DATA TO EXAMINE:
[Start of Attachment]
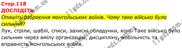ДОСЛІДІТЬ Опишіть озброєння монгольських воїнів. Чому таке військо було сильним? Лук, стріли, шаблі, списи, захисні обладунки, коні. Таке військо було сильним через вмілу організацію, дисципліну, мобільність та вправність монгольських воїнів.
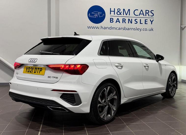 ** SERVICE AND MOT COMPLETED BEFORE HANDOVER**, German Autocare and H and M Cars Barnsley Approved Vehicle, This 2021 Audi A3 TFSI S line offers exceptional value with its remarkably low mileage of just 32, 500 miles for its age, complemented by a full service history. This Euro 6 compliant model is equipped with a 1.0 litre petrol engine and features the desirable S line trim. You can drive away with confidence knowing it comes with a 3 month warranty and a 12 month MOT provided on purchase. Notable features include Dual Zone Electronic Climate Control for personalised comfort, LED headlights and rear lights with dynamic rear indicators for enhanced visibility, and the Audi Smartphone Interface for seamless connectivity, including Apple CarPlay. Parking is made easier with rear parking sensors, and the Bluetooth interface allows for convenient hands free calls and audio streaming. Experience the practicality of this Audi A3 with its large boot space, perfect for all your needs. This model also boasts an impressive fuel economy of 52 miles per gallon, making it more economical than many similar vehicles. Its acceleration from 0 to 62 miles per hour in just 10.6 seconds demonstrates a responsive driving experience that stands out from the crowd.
[End of Attachment]
[Start of Attachment]
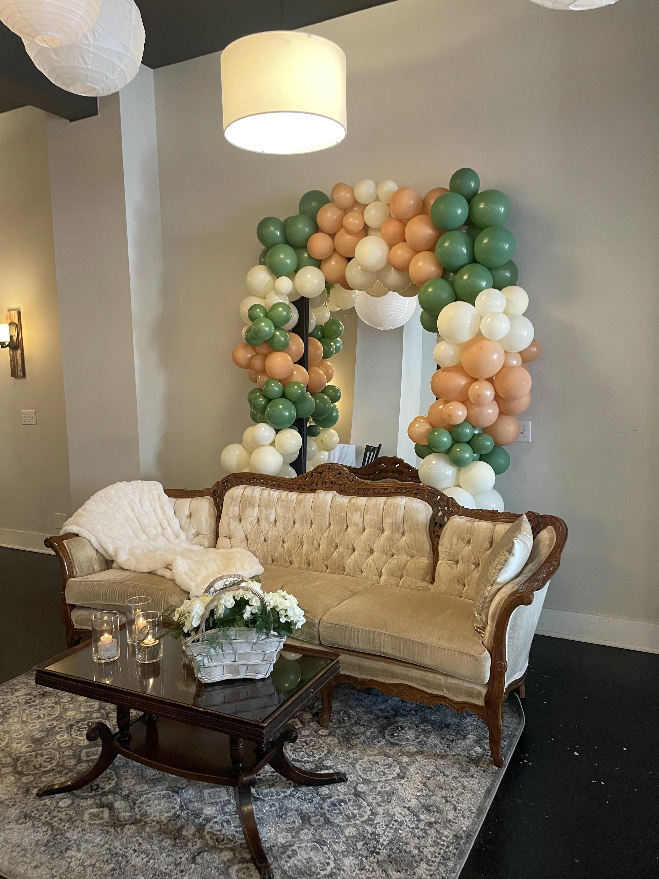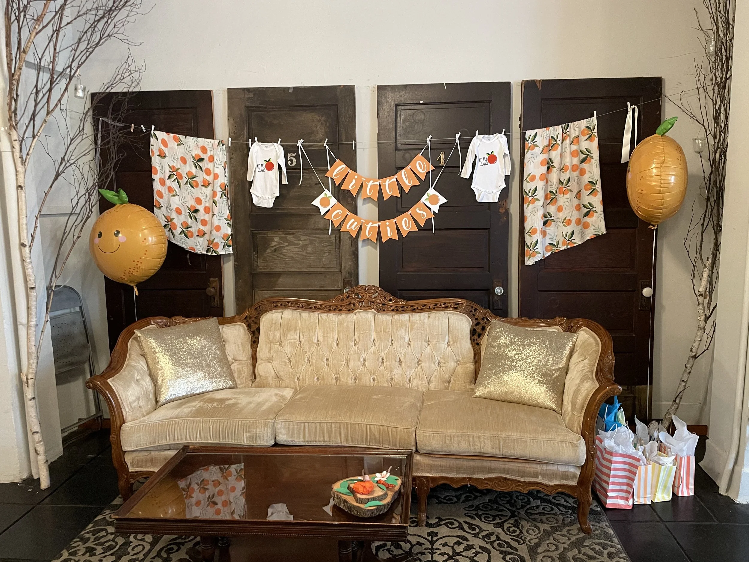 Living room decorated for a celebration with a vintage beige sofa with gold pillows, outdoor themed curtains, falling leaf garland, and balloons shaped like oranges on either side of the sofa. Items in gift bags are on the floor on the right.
[End of Attachment]
INSTRUCTIONS FOR THE TASK: Using the entries above, reproduce word for word only the lines from the one that contains "ДОСЛІДІТЬ Опишіть озброєння" to the one that contains "from the crowd.", both ends included, and drop every picture.

RESPONSE TO THIS EXERCISE:
ДОСЛІДІТЬ Опишіть озброєння монгольських воїнів. Чому таке військо було сильним? Лук, стріли, шаблі, списи, захисні обладунки, коні. Таке військо було сильним через вмілу організацію, дисципліну, мобільність та вправність монгольських воїнів.
 ** SERVICE AND MOT COMPLETED BEFORE HANDOVER**, German Autocare and H and M Cars Barnsley Approved Vehicle, This 2021 Audi A3 TFSI S line offers exceptional value with its remarkably low mileage of just 32, 500 miles for its age, complemented by a full service history. This Euro 6 compliant model is equipped with a 1.0 litre petrol engine and features the desirable S line trim. You can drive away with confidence knowing it comes with a 3 month warranty and a 12 month MOT provided on purchase. Notable features include Dual Zone Electronic Climate Control for personalised comfort, LED headlights and rear lights with dynamic rear indicators for enhanced visibility, and the Audi Smartphone Interface for seamless connectivity, including Apple CarPlay. Parking is made easier with rear parking sensors, and the Bluetooth interface allows for convenient hands free calls and audio streaming. Experience the practicality of this Audi A3 with its large boot space, perfect for all your needs. This model also boasts an impressive fuel economy of 52 miles per gallon, making it more economical than many similar vehicles. Its acceleration from 0 to 62 miles per hour in just 10.6 seconds demonstrates a responsive driving experience that stands out from the crowd.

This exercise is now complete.